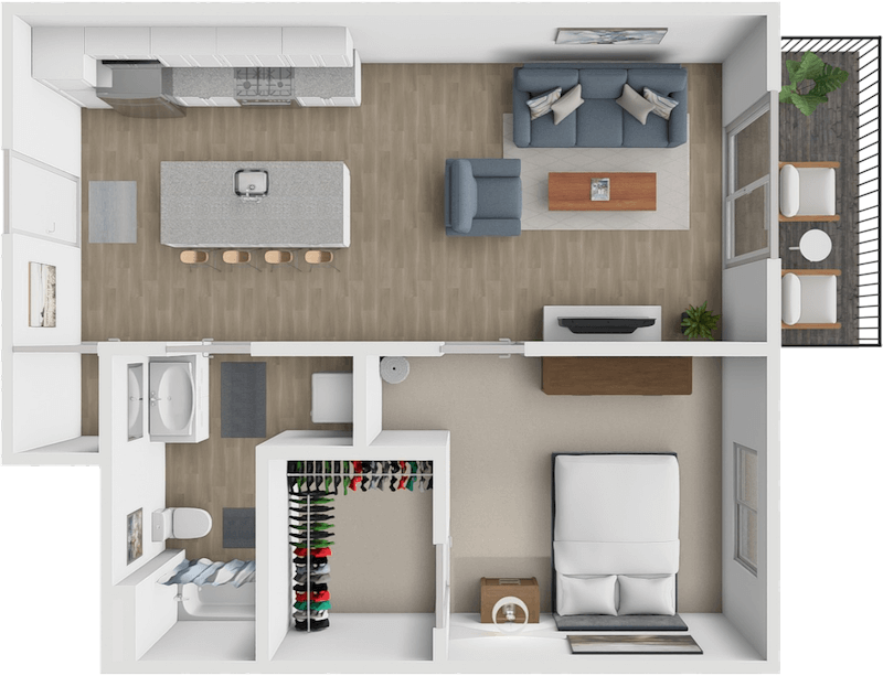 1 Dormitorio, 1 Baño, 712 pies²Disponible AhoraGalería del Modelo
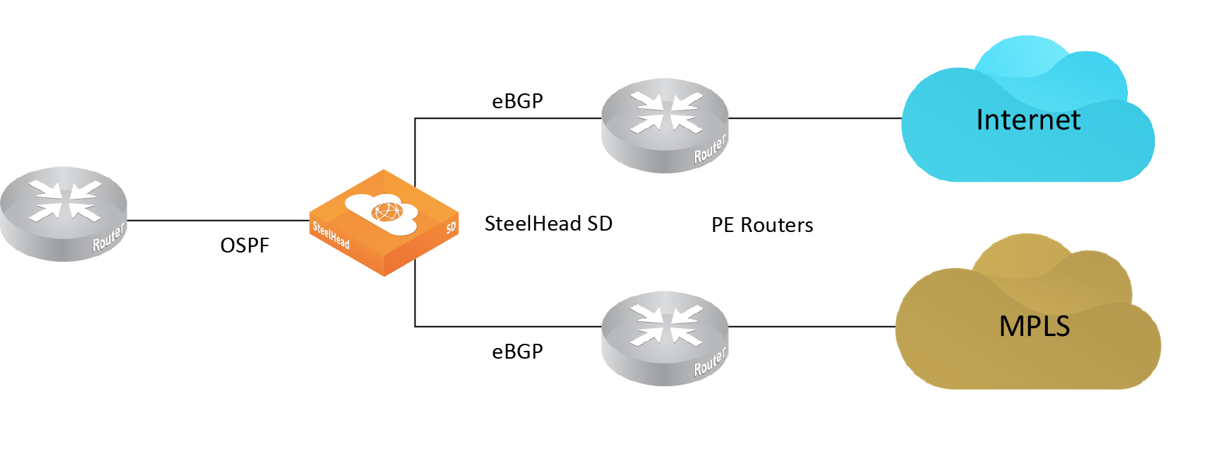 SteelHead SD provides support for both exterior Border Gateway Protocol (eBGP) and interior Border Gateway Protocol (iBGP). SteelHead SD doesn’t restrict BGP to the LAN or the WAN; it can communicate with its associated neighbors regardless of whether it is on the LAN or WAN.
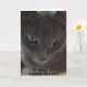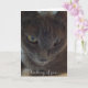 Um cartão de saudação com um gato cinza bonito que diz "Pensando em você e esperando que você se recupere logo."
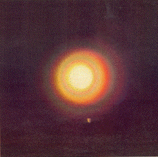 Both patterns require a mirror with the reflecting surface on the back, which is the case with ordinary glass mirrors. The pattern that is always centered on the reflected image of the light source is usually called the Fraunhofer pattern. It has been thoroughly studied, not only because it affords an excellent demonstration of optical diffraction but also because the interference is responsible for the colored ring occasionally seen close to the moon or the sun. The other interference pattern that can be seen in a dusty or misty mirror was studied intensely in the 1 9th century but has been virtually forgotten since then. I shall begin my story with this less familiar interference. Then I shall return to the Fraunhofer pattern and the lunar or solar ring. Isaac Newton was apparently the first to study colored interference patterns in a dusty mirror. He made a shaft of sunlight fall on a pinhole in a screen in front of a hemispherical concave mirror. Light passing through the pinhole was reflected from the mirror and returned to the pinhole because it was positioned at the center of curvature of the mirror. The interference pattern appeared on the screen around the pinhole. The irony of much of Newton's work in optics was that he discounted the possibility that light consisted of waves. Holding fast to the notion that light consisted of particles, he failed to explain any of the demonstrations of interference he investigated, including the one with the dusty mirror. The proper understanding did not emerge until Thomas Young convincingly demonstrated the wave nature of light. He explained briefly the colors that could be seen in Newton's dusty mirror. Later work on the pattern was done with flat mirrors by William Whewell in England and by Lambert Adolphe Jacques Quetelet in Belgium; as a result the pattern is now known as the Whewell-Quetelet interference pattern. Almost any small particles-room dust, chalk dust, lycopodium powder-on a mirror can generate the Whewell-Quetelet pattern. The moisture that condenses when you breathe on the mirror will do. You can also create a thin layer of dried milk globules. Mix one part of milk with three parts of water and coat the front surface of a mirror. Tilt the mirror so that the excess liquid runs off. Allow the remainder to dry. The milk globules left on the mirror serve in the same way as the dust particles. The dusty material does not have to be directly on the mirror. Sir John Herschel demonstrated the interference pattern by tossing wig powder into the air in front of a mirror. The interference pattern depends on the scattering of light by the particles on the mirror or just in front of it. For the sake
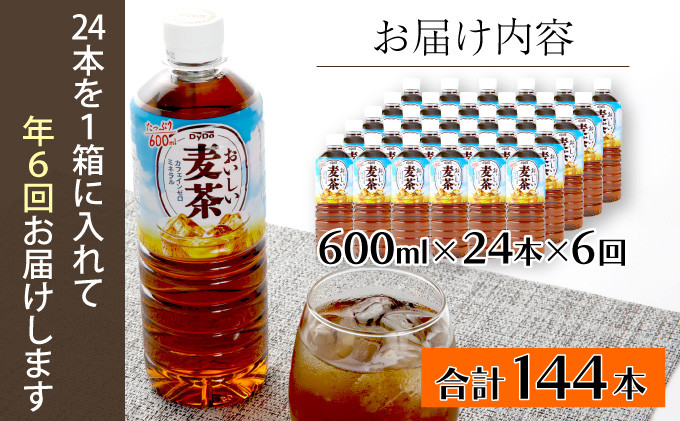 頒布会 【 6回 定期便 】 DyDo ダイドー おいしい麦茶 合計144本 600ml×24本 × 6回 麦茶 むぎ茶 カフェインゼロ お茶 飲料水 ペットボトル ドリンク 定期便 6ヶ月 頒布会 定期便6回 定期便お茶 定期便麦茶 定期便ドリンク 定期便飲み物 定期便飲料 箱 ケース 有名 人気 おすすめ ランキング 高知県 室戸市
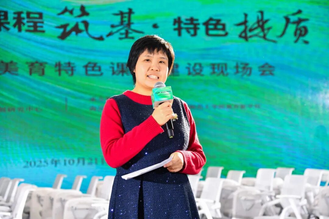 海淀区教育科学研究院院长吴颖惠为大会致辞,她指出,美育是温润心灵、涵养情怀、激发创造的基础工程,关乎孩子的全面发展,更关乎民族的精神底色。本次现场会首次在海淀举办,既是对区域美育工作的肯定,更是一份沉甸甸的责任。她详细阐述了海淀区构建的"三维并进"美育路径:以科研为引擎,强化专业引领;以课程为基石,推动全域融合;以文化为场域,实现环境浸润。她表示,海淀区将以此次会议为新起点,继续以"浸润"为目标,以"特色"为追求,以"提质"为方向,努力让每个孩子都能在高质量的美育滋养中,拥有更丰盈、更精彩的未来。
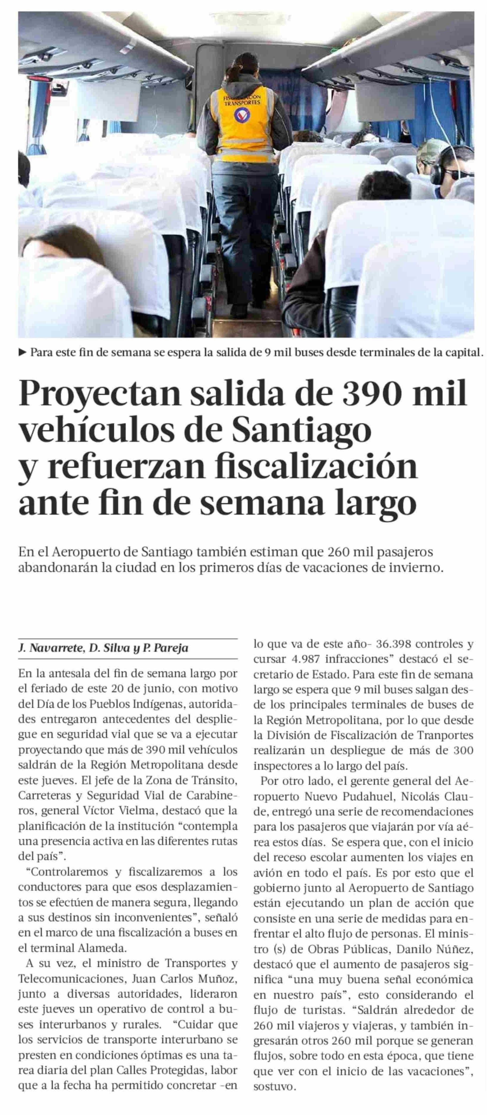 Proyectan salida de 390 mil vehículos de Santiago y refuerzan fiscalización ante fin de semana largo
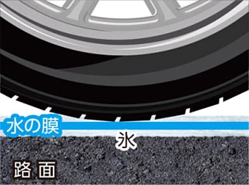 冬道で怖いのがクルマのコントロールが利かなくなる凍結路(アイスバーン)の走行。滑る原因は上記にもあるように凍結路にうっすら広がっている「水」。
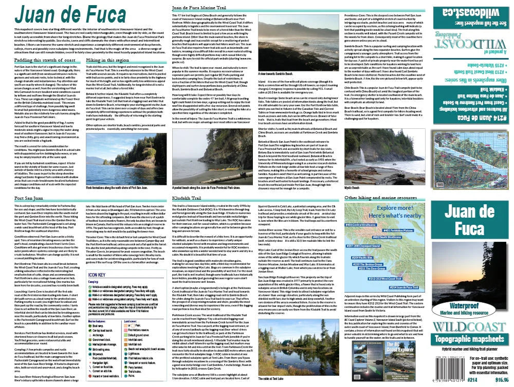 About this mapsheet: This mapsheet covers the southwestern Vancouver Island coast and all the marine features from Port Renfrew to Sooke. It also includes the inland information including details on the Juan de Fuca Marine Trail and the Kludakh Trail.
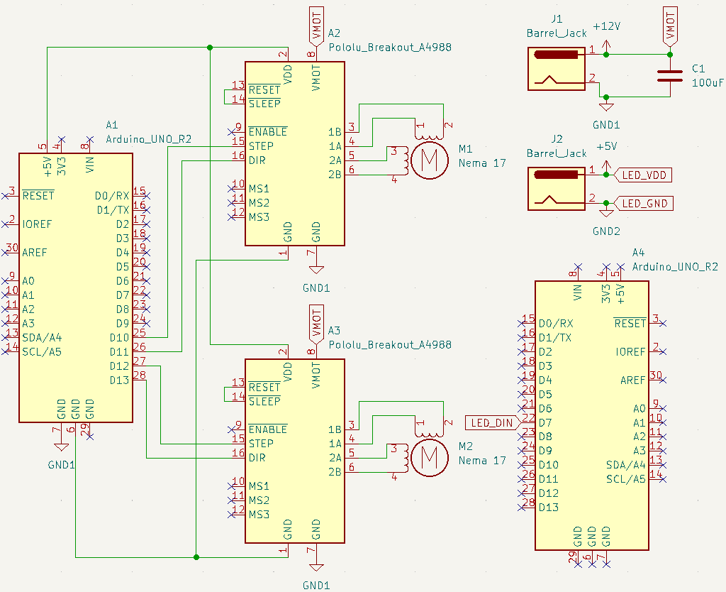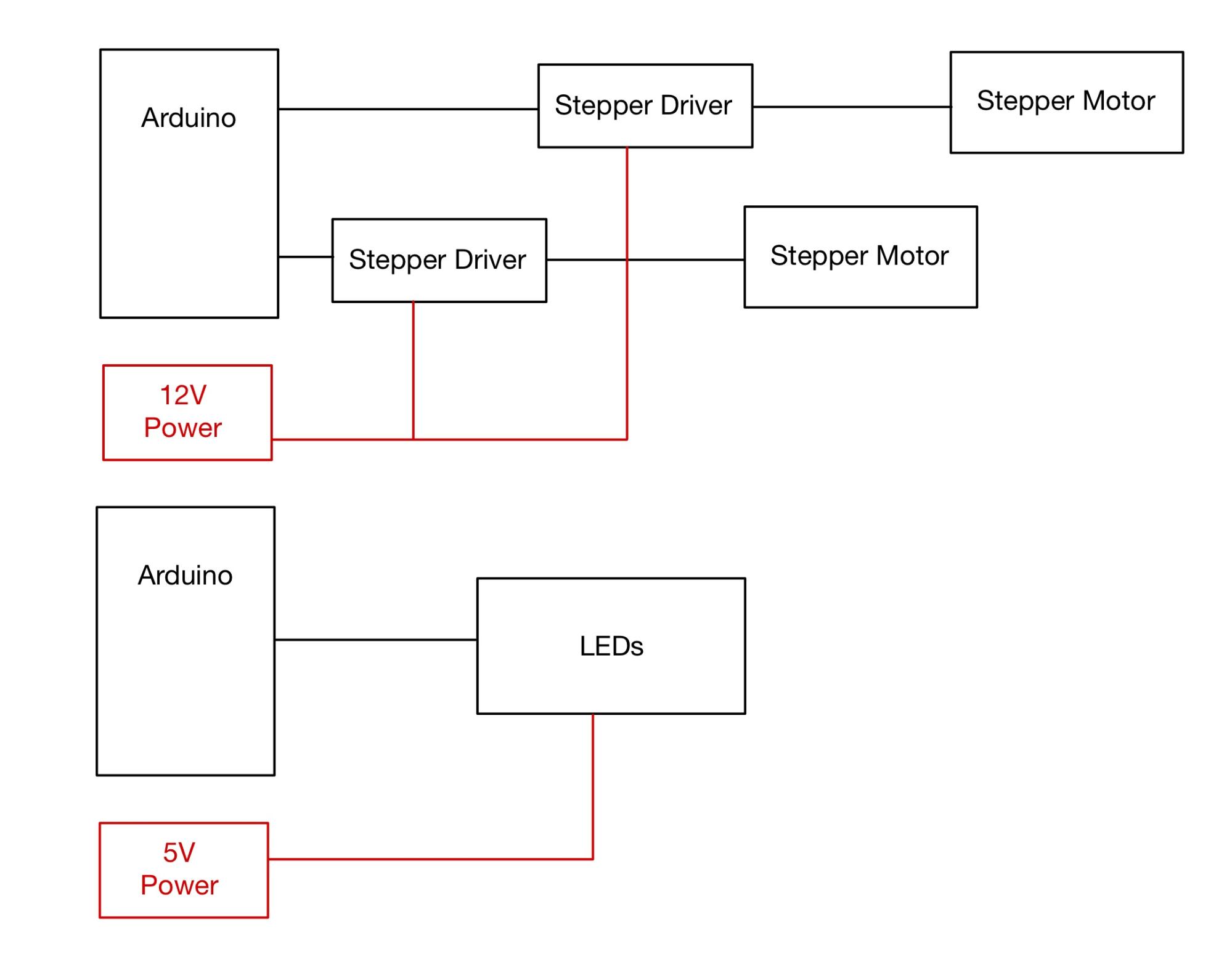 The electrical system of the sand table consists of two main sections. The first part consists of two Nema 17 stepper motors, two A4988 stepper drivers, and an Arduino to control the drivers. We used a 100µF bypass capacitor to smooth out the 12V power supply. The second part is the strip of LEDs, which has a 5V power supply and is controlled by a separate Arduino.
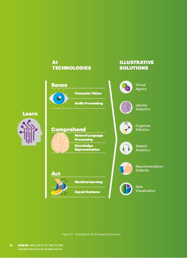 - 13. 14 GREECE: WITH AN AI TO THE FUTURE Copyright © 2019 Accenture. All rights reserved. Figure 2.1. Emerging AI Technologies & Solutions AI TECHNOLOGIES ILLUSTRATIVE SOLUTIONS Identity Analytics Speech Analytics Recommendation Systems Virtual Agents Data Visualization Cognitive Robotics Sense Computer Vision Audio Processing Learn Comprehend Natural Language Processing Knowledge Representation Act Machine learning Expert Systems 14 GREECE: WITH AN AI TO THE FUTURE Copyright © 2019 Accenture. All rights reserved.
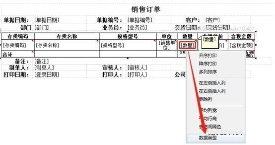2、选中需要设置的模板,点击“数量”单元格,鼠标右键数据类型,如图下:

**Task directions**
Reproduce the material exactly; keep pictures out.

**Your solution**
 1 Dormitorio, 1 Baño, 712 pies²Disponible AhoraGalería del Modelo
 SteelHead SD provides support for both exterior Border Gateway Protocol (eBGP) and interior Border Gateway Protocol (iBGP). SteelHead SD doesn’t restrict BGP to the LAN or the WAN; it can communicate with its associated neighbors regardless of whether it is on the LAN or WAN.
 Um cartão de saudação com um gato cinza bonito que diz "Pensando em você e esperando que você se recupere logo."
 Both patterns require a mirror with the reflecting surface on the back, which is the case with ordinary glass mirrors. The pattern that is always centered on the reflected image of the light source is usually called the Fraunhofer pattern. It has been thoroughly studied, not only because it affords an excellent demonstration of optical diffraction but also because the interference is responsible for the colored ring occasionally seen close to the moon or the sun. The other interference pattern that can be seen in a dusty or misty mirror was studied intensely in the 1 9th century but has been virtually forgotten since then. I shall begin my story with this less familiar interference. Then I shall return to the Fraunhofer pattern and the lunar or solar ring. Isaac Newton was apparently the first to study colored interference patterns in a dusty mirror. He made a shaft of sunlight fall on a pinhole in a screen in front of a hemispherical concave mirror. Light passing through the pinhole was reflected from the mirror and returned to the pinhole because it was positioned at the center of curvature of the mirror. The interference pattern appeared on the screen around the pinhole. The irony of much of Newton's work in optics was that he discounted the possibility that light consisted of waves. Holding fast to the notion that light consisted of particles, he failed to explain any of the demonstrations of interference he investigated, including the one with the dusty mirror. The proper understanding did not emerge until Thomas Young convincingly demonstrated the wave nature of light. He explained briefly the colors that could be seen in Newton's dusty mirror. Later work on the pattern was done with flat mirrors by William Whewell in England and by Lambert Adolphe Jacques Quetelet in Belgium; as a result the pattern is now known as the Whewell-Quetelet interference pattern. Almost any small particles-room dust, chalk dust, lycopodium powder-on a mirror can generate the Whewell-Quetelet pattern. The moisture that condenses when you breathe on the mirror will do. You can also create a thin layer of dried milk globules. Mix one part of milk with three parts of water and coat the front surface of a mirror. Tilt the mirror so that the excess liquid runs off. Allow the remainder to dry. The milk globules left on the mirror serve in the same way as the dust particles. The dusty material does not have to be directly on the mirror. Sir John Herschel demonstrated the interference pattern by tossing wig powder into the air in front of a mirror. The interference pattern depends on the scattering of light by the particles on the mirror or just in front of it. For the sake
 頒布会 【 6回 定期便 】 DyDo ダイドー おいしい麦茶 合計144本 600ml×24本 × 6回 麦茶 むぎ茶 カフェインゼロ お茶 飲料水 ペットボトル ドリンク 定期便 6ヶ月 頒布会 定期便6回 定期便お茶 定期便麦茶 定期便ドリンク 定期便飲み物 定期便飲料 箱 ケース 有名 人気 おすすめ ランキング 高知県 室戸市
 海淀区教育科学研究院院长吴颖惠为大会致辞,她指出,美育是温润心灵、涵养情怀、激发创造的基础工程,关乎孩子的全面发展,更关乎民族的精神底色。本次现场会首次在海淀举办,既是对区域美育工作的肯定,更是一份沉甸甸的责任。她详细阐述了海淀区构建的"三维并进"美育路径:以科研为引擎,强化专业引领;以课程为基石,推动全域融合;以文化为场域,实现环境浸润。她表示,海淀区将以此次会议为新起点,继续以"浸润"为目标,以"特色"为追求,以"提质"为方向,努力让每个孩子都能在高质量的美育滋养中,拥有更丰盈、更精彩的未来。
 Proyectan salida de 390 mil vehículos de Santiago y refuerzan fiscalización ante fin de semana largo
 冬道で怖いのがクルマのコントロールが利かなくなる凍結路(アイスバーン)の走行。滑る原因は上記にもあるように凍結路にうっすら広がっている「水」。
 About this mapsheet: This mapsheet covers the southwestern Vancouver Island coast and all the marine features from Port Renfrew to Sooke. It also includes the inland information including details on the Juan de Fuca Marine Trail and the Kludakh Trail.
 The electrical system of the sand table consists of two main sections. The first part consists of two Nema 17 stepper motors, two A4988 stepper drivers, and an Arduino to control the drivers. We used a 100µF bypass capacitor to smooth out the 12V power supply. The second part is the strip of LEDs, which has a 5V power supply and is controlled by a separate Arduino.
 - 13. 14 GREECE: WITH AN AI TO THE FUTURE Copyright © 2019 Accenture. All rights reserved. Figure 2.1. Emerging AI Technologies & Solutions AI TECHNOLOGIES ILLUSTRATIVE SOLUTIONS Identity Analytics Speech Analytics Recommendation Systems Virtual Agents Data Visualization Cognitive Robotics Sense Computer Vision Audio Processing Learn Comprehend Natural Language Processing Knowledge Representation Act Machine learning Expert Systems 14 GREECE: WITH AN AI TO THE FUTURE Copyright © 2019 Accenture. All rights reserved.
2、选中需要设置的模板,点击“数量”单元格,鼠标右键数据类型,如图下:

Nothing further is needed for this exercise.